As shown in fig. 8, the lower edge 211 of the front and rear panels 210 is bonded to the floor edge 2344 of the floor profile 234. Similarly, the front and rear panels 210 and the frame 220 are bonded together, and the upper cover 600 is assembled with the front and rear panels and the frame to form a power battery case structure. To protect the cell 300 from impact and to insulate and waterproof.

The foregoing is merely a preferred embodiment of the present invention and it should be noted that modifications and adaptations to those skilled in the art may be made without departing from the principles of the present invention, which are intended to be comprehended within the scope of the present invention.

Claims

1. The power battery box body is characterized by comprising an integrated bottom plate; the integrated bottom plate comprises an exhaust bottom plate provided with exhaust holes and a bottom plate section bar arranged below the exhaust bottom plate; the bottom plate section is provided with an exhaust channel and a liquid cooling plate flow channel; the exhaust hole is communicated with the exhaust channel.

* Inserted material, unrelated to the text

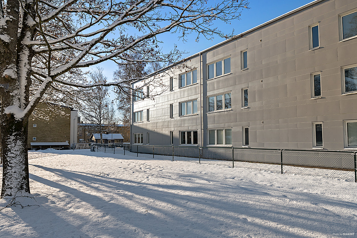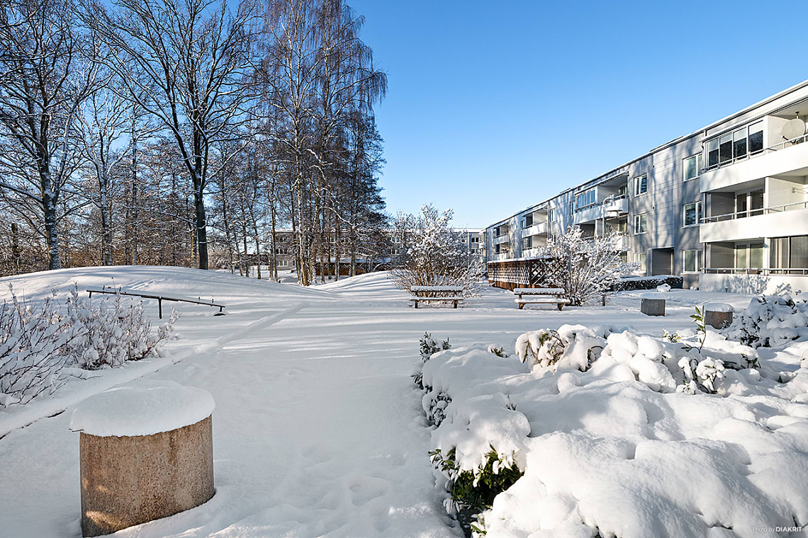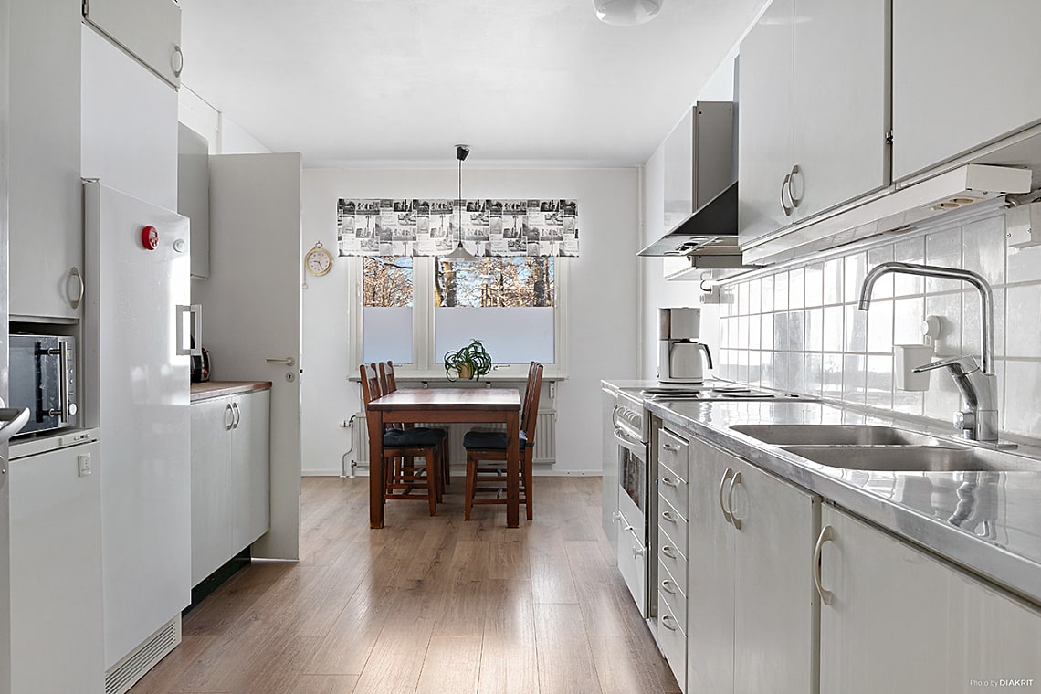 Det funktionella arbetsköket är utrustat med bra förvaring och arbetsytor. I det rofyllda sovrummet finns utgång till lägenhetens balkong, en härlig plats för morgonkaffet eller kvällens avkoppling. Badrummet är utrustat med tvättmaskin, vilket ger ytterligare bekvämlighet i vardagen.

2. The power cell housing of claim 1, wherein the vent passage comprises a plurality of vent branches; the liquid cooling plate flow channel comprises a plurality of flow branches;

preferably, the exhaust branch and the flow branch are arranged at intervals up and down.

3. The power battery box of claim 1, further comprising front and rear panels disposed on front and rear sides of the integrated chassis, and side frames and an upper cover disposed on left and right sides of the integrated chassis.

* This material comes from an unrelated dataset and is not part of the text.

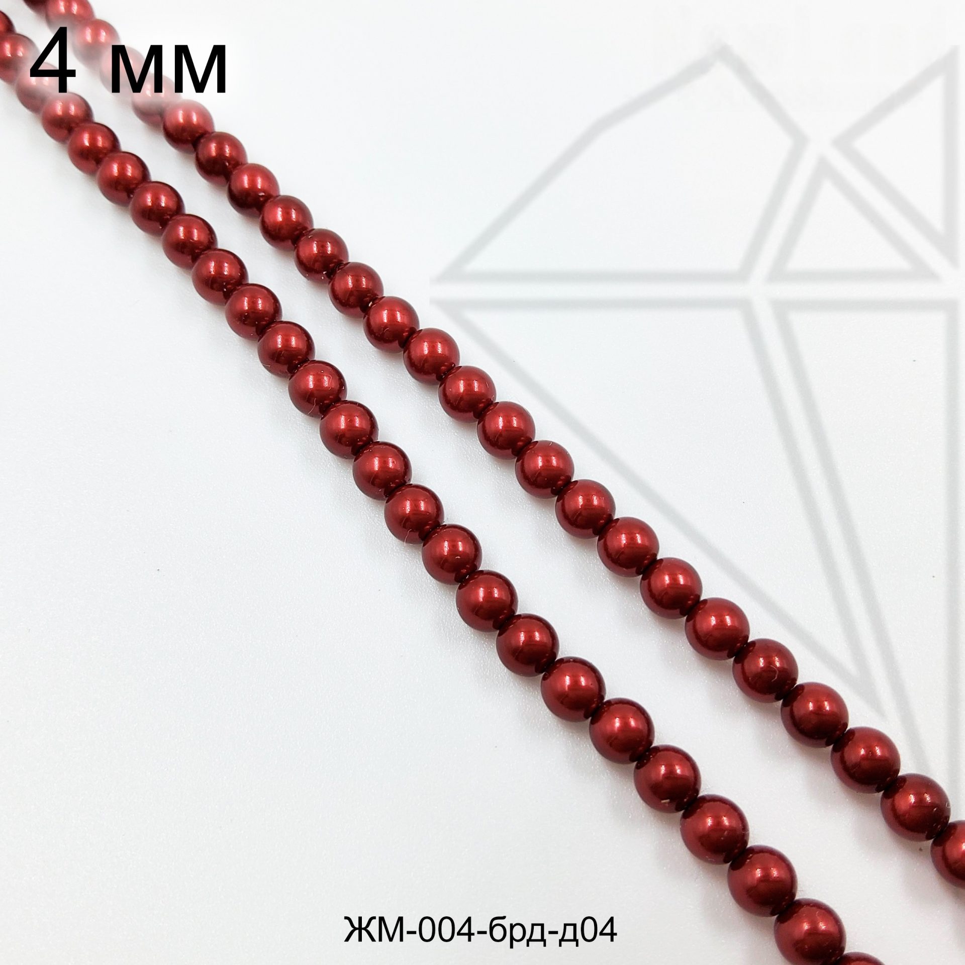 Жемчуг майорка круглой формы бордового цвета с блеском 4 мм.

4. The power battery box body according to claim 1, wherein side beams are arranged on two sides of the exhaust bottom plate;

Preferably, the liquid cooling plate flow channel is communicated with the liquid cooling pipe through a liquid cooling pipe joint arranged on the side beam; the liquid cooling pipe is provided with a liquid cooling pipe inlet and a liquid cooling pipe outlet.

5. The power battery box according to claim 4, wherein the plurality of liquid-cooled pipe joints;

Preferably, the liquid cooling pipe joint is a plurality of liquid cooling pipe joints connected in parallel.

6. A power cell housing according to claim 3, wherein said vent passage communicates with an explosion-proof vent valve;

Preferably, the explosion-proof ventilation valves are arranged on the front panel and the rear panel.

7. The power battery box according to claim 1, wherein the vent comprises a vent body and an arc cap disposed on the vent body; the arc-shaped cap covers part of the vent hole body;

preferably, the arc-shaped cap covers 1/5-4/5 of the vent hole body.

8. A power battery comprising the power battery box of any one of claims 1-7 and an electrical core disposed in the power battery box.

9. The power cell of claim 8, wherein the positive electrode of the cell is disposed upwardly and the negative electrode is disposed downwardly above the exhaust floor.

10. A powered device comprising the power cell of claim 8 or 9.